A third kind of tree structure arises from the CART algorithm of Breiman et al. (1984). This algorithm applies to regression problems in which a given target variable is predicted from a recursively constructed partition of the observation space; the prediction is constant within each member of the partition. If the predictors are numerical variables, the ﬁrst choice in the recursion looks over all variables V and all cut- points a for each variable, generating the binary variables identifying observations where V < a. The binary predictor most correlated with the target variable divides the data set into two sets, and the same choice of division continues within each of the two sets, generating a regression tree. It is a diﬃcult problem to know when to stop dividing. These regression trees constitute a classiﬁcation of the data adapted to a particular purpose: the accurate pre- diction of a particular variable.

Usually, only the ﬁnal partition is of interest in evaluating the regressive prediction, although the regression tree obtained along the way is used to decide which variables are most important in pre- diction, for example, the variables appearing in the higher levels of the tree are usually the most important. However, if there are several highly correlated variables, only one might appear in the regression tree, although each would be equally useful in prediction.

2. Probabilistic Classiﬁcation

The aim is to select an appropriate classiﬁcation C from some family Γ based on given data D.

2.1 Mixture Models

It is assumed that there are a number of objects, denoted x₁, …, x_n, which are to be classiﬁed. A probability model speciﬁes the probability of an observation x when x is known to come from a class with parameter value θ, say p(x}θ). The parameter value θ corresponds to an ideal point in the partition algorithm [Sect. 1.2]. The mixture model assumes that there is a ﬁxed number of classes k, that an object x_i comes from class C_j with mixing probability p_j, so that the probability of observation x is p(x) = Σ_j p_jp(x|θ_j), and collectively the observations have probability Π_i p(x_i). The parameters p_jand θ_j usually are estimated by maximum likelihood in a non-Bayesian approach. No single partition is produced by the algorithm, but rather the conditional probability of each partition at the maximum likelihood values of the parameters. How do these statistical partitionings compare with the dissimilarity based partitions of Sec. 1.2? Suppose the partition itself is a parameter to be estimated in the statistical model; estimate the optimal partition C = {C₁, …, C_k}, and the parameters p_j, θ_j to maximize the probability of the data given the partition Π_jΠ_xiϵCj p_jp(x_i |θ_j). Thus, the optimal partition in the statistical model is the optimal partition in a dis- similarity model with dissimilarities between the object x_i and the ideal object θ_j

It is, thus, possible to translate back and forth between statistical models and dissimilarity models by taking dissimilarities to be log probabilities.

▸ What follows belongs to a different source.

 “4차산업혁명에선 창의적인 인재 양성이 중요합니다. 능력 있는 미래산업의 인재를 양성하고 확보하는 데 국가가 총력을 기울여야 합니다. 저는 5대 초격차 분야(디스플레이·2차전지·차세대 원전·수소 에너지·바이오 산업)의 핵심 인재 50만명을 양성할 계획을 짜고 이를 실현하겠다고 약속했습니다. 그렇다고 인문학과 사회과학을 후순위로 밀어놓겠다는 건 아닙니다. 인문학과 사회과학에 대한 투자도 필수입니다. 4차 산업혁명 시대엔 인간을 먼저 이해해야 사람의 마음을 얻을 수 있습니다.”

However, it is wrong to estimate the optimal partition by maximizing the probability of the data given the partition and parameters over all choices of partitions and parameters; as the amount of data increases, the limiting optimal partition does not correspond to the correct partition obtained when the parameters p_j, θ_j are known. (The correct partition assigns xi to the class that maximizes p_j p(x_i |θ_j). In contrast, the estimate of p_j, θ_j that maximizes the data probability averaged over all possible partitions, is consistent for the true values under mild regularity conditions, and the partition determined from these maximum likelihood estimates is consistent for the correct partition.

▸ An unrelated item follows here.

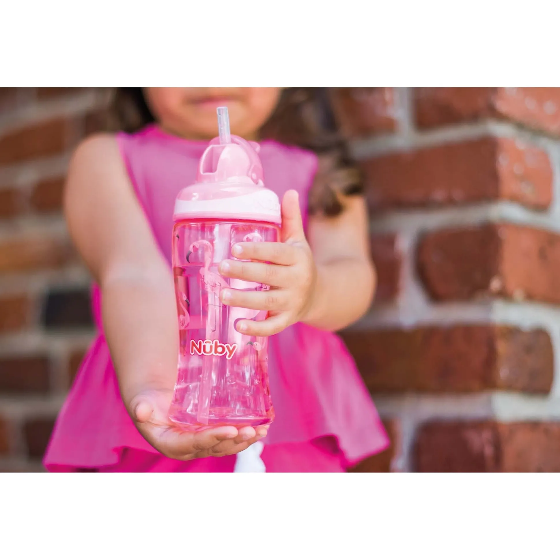 Deze leuke Flip-It-beker van Nuby is perfect voor jouw kleine avonturier! De rietjesbeker is gemaakt van sterk Tritan van Eastman. De ingebouwde hygiënische flip dop houdt het rietje schoon wanneer de beker niet in gebruik is. Het heeft een ingebouwd ventiel dat makkelijk is te reinigen en te monteren. Deze beker is geschikt voor kinderen vanaf ongeveer 18 maanden en bevat 360 ml.

In a Bayesian approach, the probability model is a joint probability distribution over all possible data D and classiﬁcations C. The answer to the classiﬁcation problem is the conditional probability distribution over all possible classiﬁcations C given the present data D. Add to the previous assumptions a prior distribution on the unknown parameters p_j, θ_j (Bock 1972). Again, consistent estimates of the correct classiﬁcation are not obtained by ﬁnding the classiﬁcation C and parameters p, θ of maximum posterior probability. Use the marginal posterior distribution of p, θ, averaging over all classiﬁcations, to give consistent maximum posterior density estimates p, θ say. Then ﬁnd the classiﬁcation C of optimal posterior probability C given the data and given p = p, θ = θ. This classiﬁcation will converge to the optimal classiﬁcation for the mixture distribution with known p and θ.

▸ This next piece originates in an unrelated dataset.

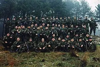 The unit was formed in mid-2001 by the then-interior minister Ljube Boškoski during the insurgency in Macedonia. He named the unit after the hotel he owned in Croatia and his brand of wine.[2] It was an unauthorized entity of former police and military reservists.[3] Most were also members of VMRO-DPMNE and some had criminal records.[4] It also functioned as a VMRO-DPMNE-based paramilitary.[5] Its personnel were all ethnic Macedonians but they had minimal contact with Albanians and were mostly used to provide security for Macedonian villages.[6] After the conflict, it was transformed into an official police unit.[3] The unit went to secure mass graves in the Tetovo area in November but it was ambushed and three members were killed by Albanians. In December, an Albanian farmer was killed by the police near Šemševo, with the Lions being the main suspects.[7] The Lions displayed shows of force in Albanian areas in January 2002 and during the election campaign in September 2002.[2] They actively threatened ethnic cleansing against Albanians.[3] The unit, along with the unit Tigers, was recorded assaulting workers, opposition journalists, media personnel, political activists and random civilians, and also threatening opposition politicians.[8] In 2002, four members of the unit were involved in the killing of six Pakistani citizens and one Indian citizen, who were claimed to be terrorists. They were charged with murder but were acquitted in 2005.[9][10]

If in addition a prior distribution is speciﬁed for the number of clusters, a complete ﬁnal posterior distribution is available for all possible partitions into any number of components.

2.2 Hierarchical Models

Many of the hierarchical methods assume a dissimilarity function specifying a numerical dissimilarity d(i, j) for each pair of objects i, j. If d satisﬁes the ultrametric inequality for every triple i, j, k

then the various hierarchical algorithms discussed in Sect. 1.2 all produce the same clusters. The dissimilarity between a given object and another object in a given cluster C is less than the dissimilarity between that object and another object not in C. Thus hierarchical clustering may be viewed as approximating the given dissimilarity matrix by an ultrametric; methods have been proposed that search for a good approximation based on a measure of closeness between diﬀerent dissimilarities.

With slightly more generality, evolutionary distances between a set of objects conform to a tree in which the objects are end nodes and the internal nodes are arbitrary. A nonnegative link distance is associated with each link of the tree, and the evolutionary distance between two objects is the sum of link distances on the path connecting them. Evolutionary distances are characterised by the following property: any four objects i, j, k, l may be partitioned into two pairs of objects in three ways; for some pairing (i, j), (k, l ) say, the e olutionary equality is satisﬁed

The pairing (i, j ), (k, l ) means that the tree path from i to j has no links in common with the tree path from k to l. We can construct an evolutionary tree on a set of objects by approximating a given dissimilarity by an evolutionary distance.

One case where evolutionary distances arise probabilistically is in the factor analysis model in which the objects to be classiﬁed form a set of variables on which a number of independent -dimensional observations have been made (Edwards and Cavalli-Sforza 1964). The variables are taken to be end-nodes in an evolutionary tree whose links and internal objects remain to be determined. Associated with each link of the tree is an independent normal variable with mean zero and variance depending on the link; this variance is the link distance. Each observation for the v variables is generated by assigning the random link values; then the variable V_i – V_jis a sum of independent normal variables along the path of directed links connecting i and j. The random normal associated with each link is of opposite sign when the link is traversed in the opposite direction. The quantities d(i, j ) = E(V_i – V_j)² form a set of evolutionary distances, which are estimated by d(i, j) = sample have (V_i – V_j)².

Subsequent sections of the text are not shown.